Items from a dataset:

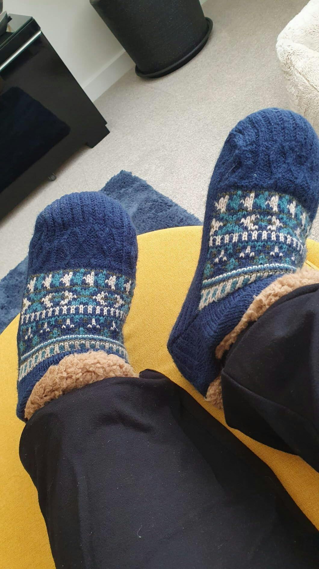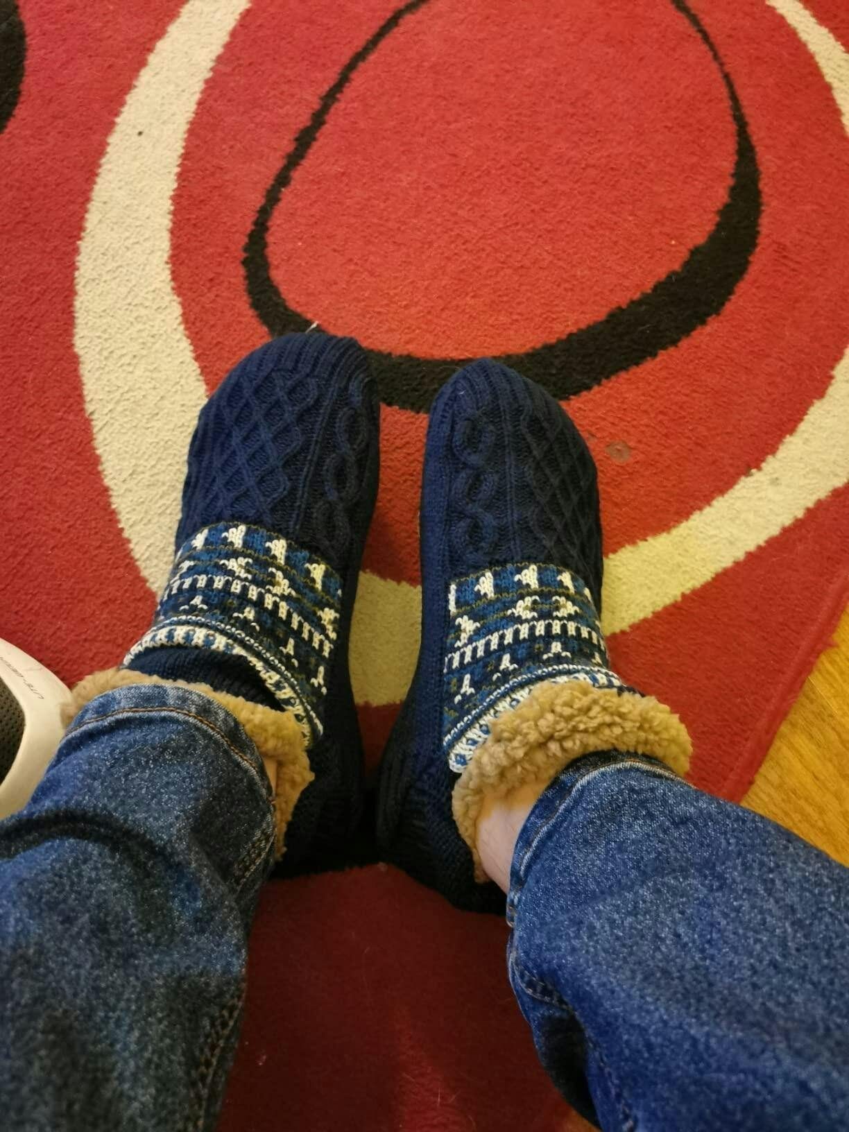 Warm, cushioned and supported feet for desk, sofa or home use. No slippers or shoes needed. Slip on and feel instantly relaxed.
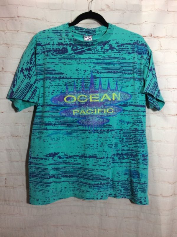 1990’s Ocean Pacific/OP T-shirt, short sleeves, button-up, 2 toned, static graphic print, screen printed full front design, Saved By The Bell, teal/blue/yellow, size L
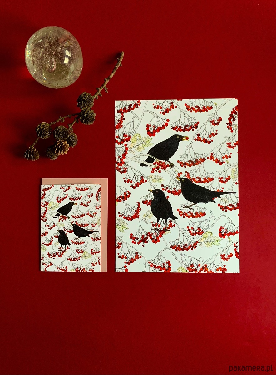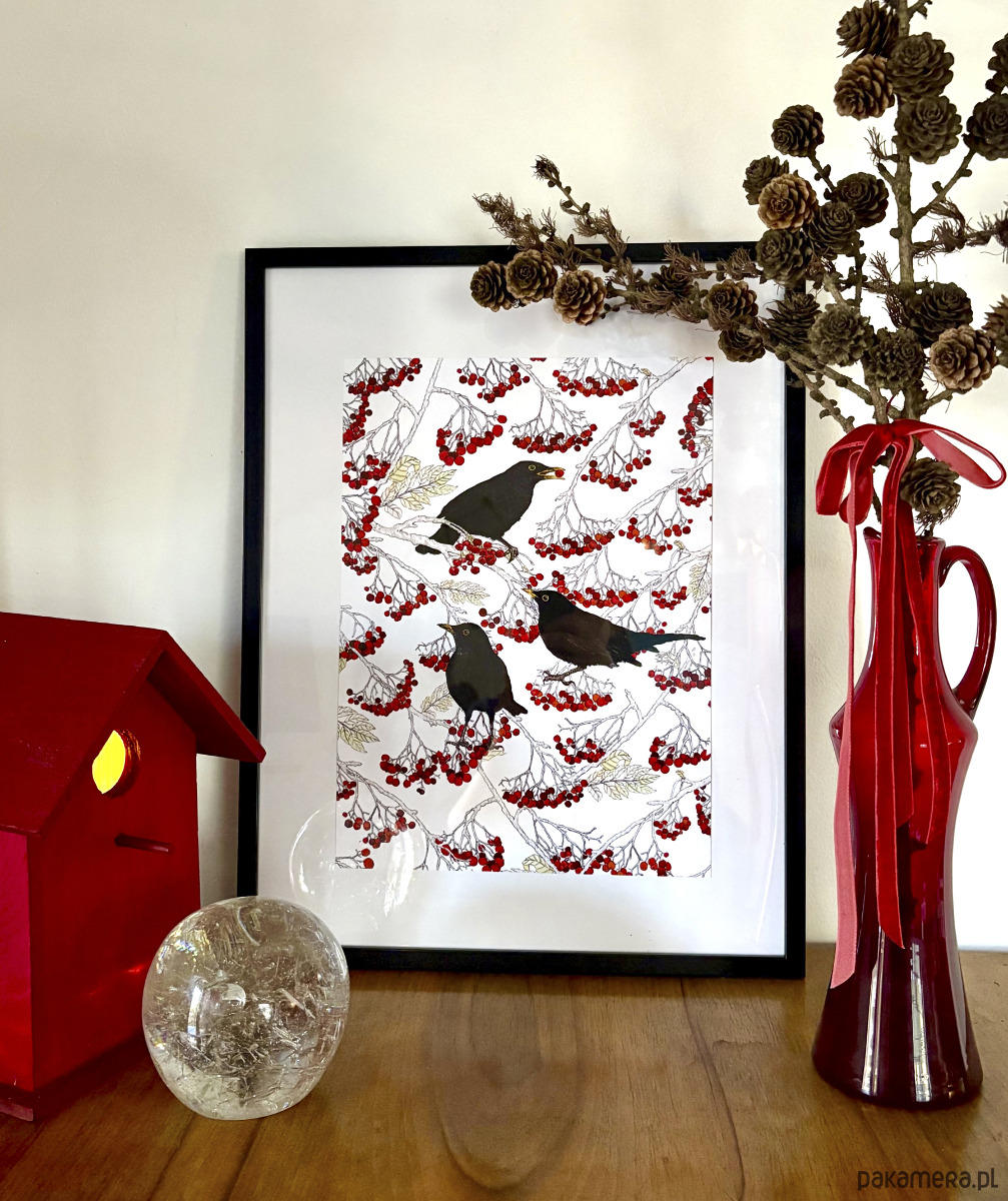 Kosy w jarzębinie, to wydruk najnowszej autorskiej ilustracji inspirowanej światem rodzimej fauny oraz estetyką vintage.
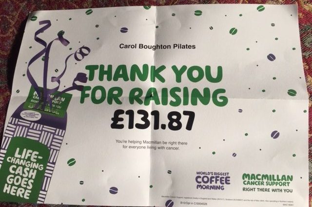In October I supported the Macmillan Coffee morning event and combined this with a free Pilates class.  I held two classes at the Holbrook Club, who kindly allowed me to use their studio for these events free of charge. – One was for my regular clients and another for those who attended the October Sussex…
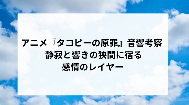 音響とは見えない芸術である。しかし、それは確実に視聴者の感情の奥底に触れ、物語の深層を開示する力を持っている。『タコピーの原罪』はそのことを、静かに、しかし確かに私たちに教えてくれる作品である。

### Instructions for the task
When you print the entries, keep every line exactly as it is and drop the pictures.

### Output for this task
 Warm, cushioned and supported feet for desk, sofa or home use. No slippers or shoes needed. Slip on and feel instantly relaxed.
 1990’s Ocean Pacific/OP T-shirt, short sleeves, button-up, 2 toned, static graphic print, screen printed full front design, Saved By The Bell, teal/blue/yellow, size L
 Kosy w jarzębinie, to wydruk najnowszej autorskiej ilustracji inspirowanej światem rodzimej fauny oraz estetyką vintage.
In October I supported the Macmillan Coffee morning event and combined this with a free Pilates class.  I held two classes at the Holbrook Club, who kindly allowed me to use their studio for these events free of charge. – One was for my regular clients and another for those who attended the October Sussex…
 音響とは見えない芸術である。しかし、それは確実に視聴者の感情の奥底に触れ、物語の深層を開示する力を持っている。『タコピーの原罪』はそのことを、静かに、しかし確かに私たちに教えてくれる作品である。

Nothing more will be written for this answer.